Work to complete
Retype exactly the lines from the one containing "Красивая и сияющая" through the last line of the records below, including both, and leave out any pictures.

Provided information

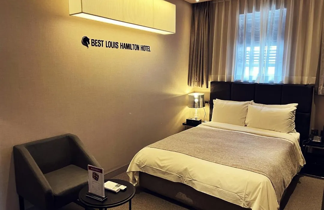 Oferecendo restaurante e depósito de bagagem, o Best Louis Hamilton Hotel Haeundae confortável situa-se no bairro de entretenimento, a aproximadamente 10 minutos a pé do Parque Ribeirinho de Millak e a cerca de 7 km da Salão do Memorial da Paz das Nações Unidas. Este hotel estiloso de 3 estrelas fornece receção 24 horas e check-out tarde.
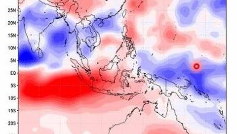 Pembentukan awan dan hujan terkonsentrasi di atas Samudra Pasifik. Sebaliknya wilayah Indonesia mengalami minim awan dan hujan.
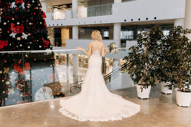 Красивая и сияющая невеста грациозно позирует в потрясающем свадебном платье перед праздничной рождественской елкой
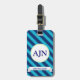 Bold blue and turquoise stripes decorates this fun luggage tag. Customize this luggage tag by changing the monogram letters and phone number to suit your needs. The design is from original art.
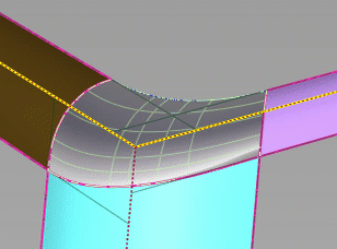 当该选项处于启用状态时,过渡部分的第四条边(底部曲面边)将与底部曲面对齐。当该选项处于禁用状态时,可独立于三个相交的过渡部分控制底部边对齐。
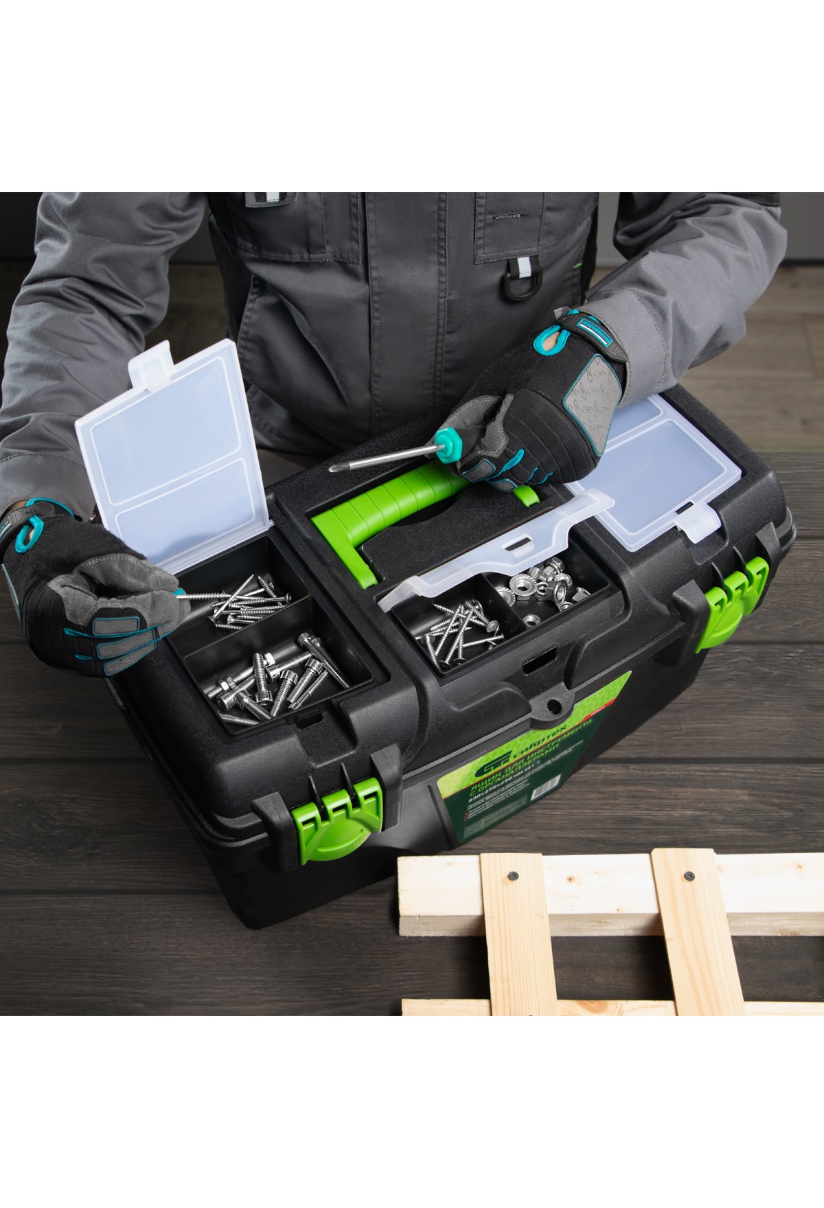 - Удобное хранение крепежа и мелких деталей — в крышке имеются органайзеры.

Response to the exercise
 Красивая и сияющая невеста грациозно позирует в потрясающем свадебном платье перед праздничной рождественской елкой
 Bold blue and turquoise stripes decorates this fun luggage tag. Customize this luggage tag by changing the monogram letters and phone number to suit your needs. The design is from original art.
 当该选项处于启用状态时,过渡部分的第四条边(底部曲面边)将与底部曲面对齐。当该选项处于禁用状态时,可独立于三个相交的过渡部分控制底部边对齐。
 - Удобное хранение крепежа и мелких деталей — в крышке имеются органайзеры.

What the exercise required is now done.